Public option best strategy to buttress pension system

Posted on December 22, 2010 in Social Security Debates

Source: — Authors:

TheStar.com – Opinion/Editorial Opinion
Published On Wed Dec 22 2010

There has been a wide-ranging discussion recently about the need to reform Canada’s pension system and it was a top topic at the recent finance ministers’ meetings.

This has included a lengthy paper published by the C.D. Howe Institute. Institute president William Robson also has expressed his views in a recent article, suggesting that the finance ministers should consider only “better private pensions and RRSPs” and not a general increase in, for example, the Canada Pension Plan (CPP). He refers to the Howe study as background to his recommendations. But the study itself does not make specific policy recommendations for pension reform. Indeed, some parts of it are counterintuitive to the suggestions Robson makes, and the Howe study’s numbers can be used to show the distinct advantage of the CPP over private pensions and RRSPs.

The Howe study does not, for example, compare the returns that might be expected from a private sector pension compared with public sector pension options, such as the Canada Pension Plan. The Howe study uses historical nominal rates of return of 6 per cent (4 per cent real plus 2 per cent inflation) on investments for pensions but reduces such returns to just 3 per cent (1 per cent real plus 2 per cent inflation) for RRSPs and 4.5 per cent (2.5 per cent plus 2 per cent inflation) for defined-contribution Registered Pension Plans (RPPs). The reduction for individuals is the result of “investment-management and other costs” plus the poorer performance levels of individual investments.

What kind of results would these numbers produce for a 30-year-old individual who saves $100 a month in an RRSP for 35 years at an annual return of 3 per cent? What pension would he or she would accumulate?

By contrast, what would the same $100 a month invested in the CPP at an annual return of 6 per cent less the cost of CPP management yield after 35 years?

The CPP investment would yield a pension approximately 80 per cent greater than an investment in RRSPs. This result is consistent with a British study by Mamta Murthi, Michael Orszag and Peter Orszag that in the U.K. individual pension accounts result in a 40 per cent reduction in pensions when compared to a public pension fund.

Would Canadians like those substantially greater pensions?

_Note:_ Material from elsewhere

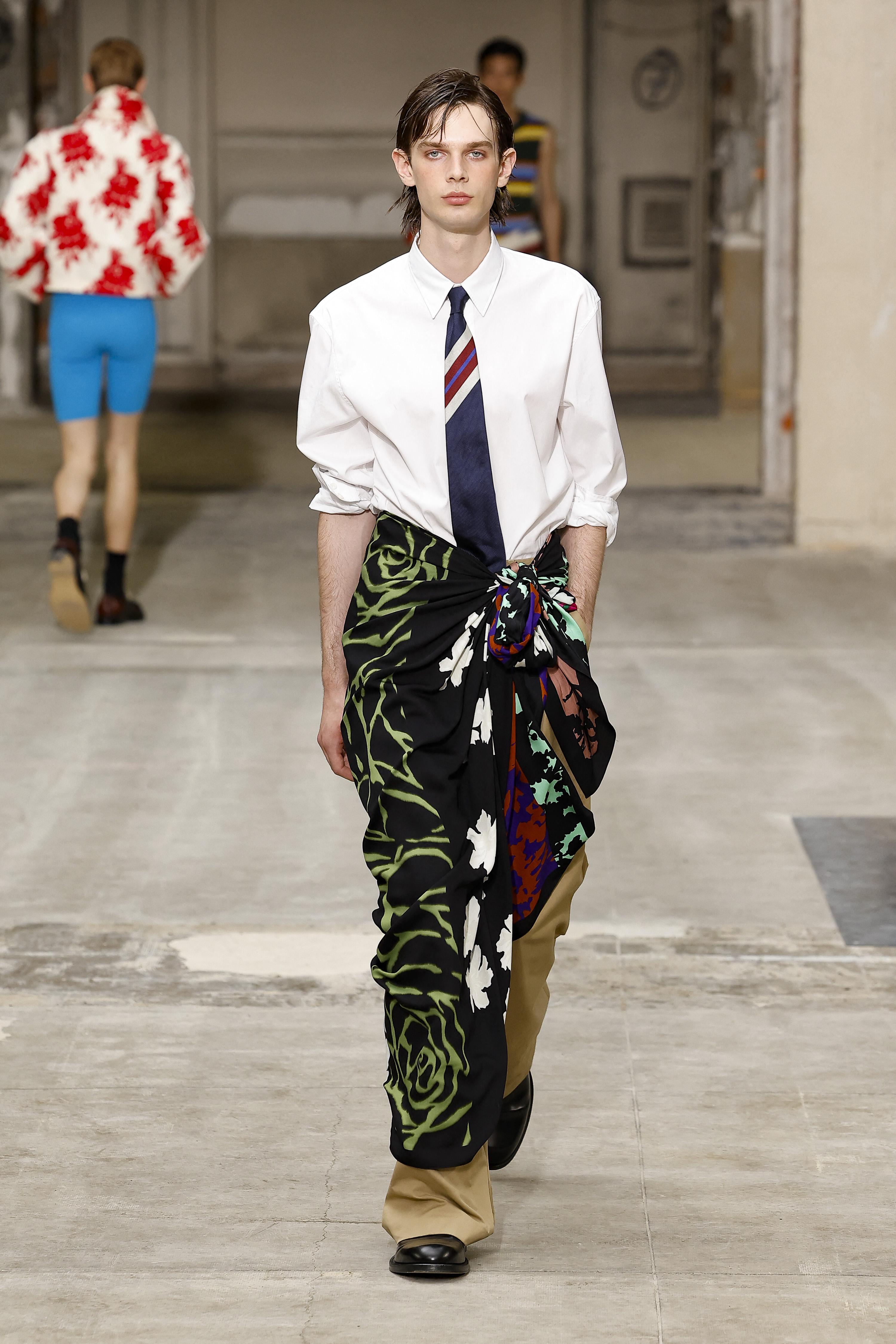 Крупным платкам дизайнеры тоже нашли новое применение — теперь их следует носить как набедренные повязки. Dries Van Noten предлагает легкие шелковые модели, которые красиво реагируют на малейшее движения, а у Junya Watanabe — плотный деним с намеком на юбку. Мужская мода здесь явно заигрывает с вызывающими формами, но делает это осторожно и очень продуманно.

They most certainly would.

Another consideration that Robson ignores is that the individual cannot know how much one needs to save for retirement. This is because the individual does not know how long he or she will live. And, in addition, the rate of interest on annuities may be based on government bond rates of say 16 per cent (as in the early 1980s) or just 3 per cent (as is the case now). But the large pension funds like the Canada Pension Fund can estimate quite accurately the life expectancies of the large numbers of its members. Thus the CPP is a far more efficient pension scheme than any individual RRSP or defined-contribution RPPs.

The CPP, then, both lowers the costs to the individual saver as well as reducing the individual’s risk. It should also be noted that the present level of CPP payments is considered inadequate by any serious analysis.

One other subject the Howe study does not report on is the effect of an increase in the retirement age. If the retirement age were to be gradually raised from 65 to 67 it would have a double effect; the years of saving would be increased by two years and the years of pension payments would be reduced by two years. The result would be a substantially positive increase in the adequacy of pensions looking out to the year 2050.

Robson also mentions that the Howe study shows that low-income individuals will be more effective in maintaining their income level in retirement than will the higher-income individuals. He, therefore, suggests that the higher-income individuals need “better private pensions and RRSPs” rather than an increase in the CPP.

Higher RRSP contributions would mean a tax-expenditure or a subsidy to savers. But such a subsidy would be paid for by the general taxpayer and the largest benefits would go to those in the highest income tax brackets. Thus Robson suggests as social policy that the poor should subsidize the rich so the rich can have larger pensions when they retire. That kind of social policy coming from the president of the C.D. Howe Institute must make the Liberal C.D. Howe spin in his grave.

It should also be remembered that an increase in savings, whether from increased CPP premiums or larger RRSP contributions or other savings, has exactly the same effect on the economy.

The exception is that increased RRSP contributions will make the financial institutions better off, while an increase in CPP contributions will make Canadian pensioners better off.

It is clear that increasing CPP contributions is by far the best way to improve pensions for Canadians. One would hope that all the finance ministers in Canada would heed this call for an improved Canada Pension Plan.

Douglas D. Peters is former chief economist of the Toronto-Dominion Bank and a former secretary of state (finance) in the Liberal government of Jean Chrétien.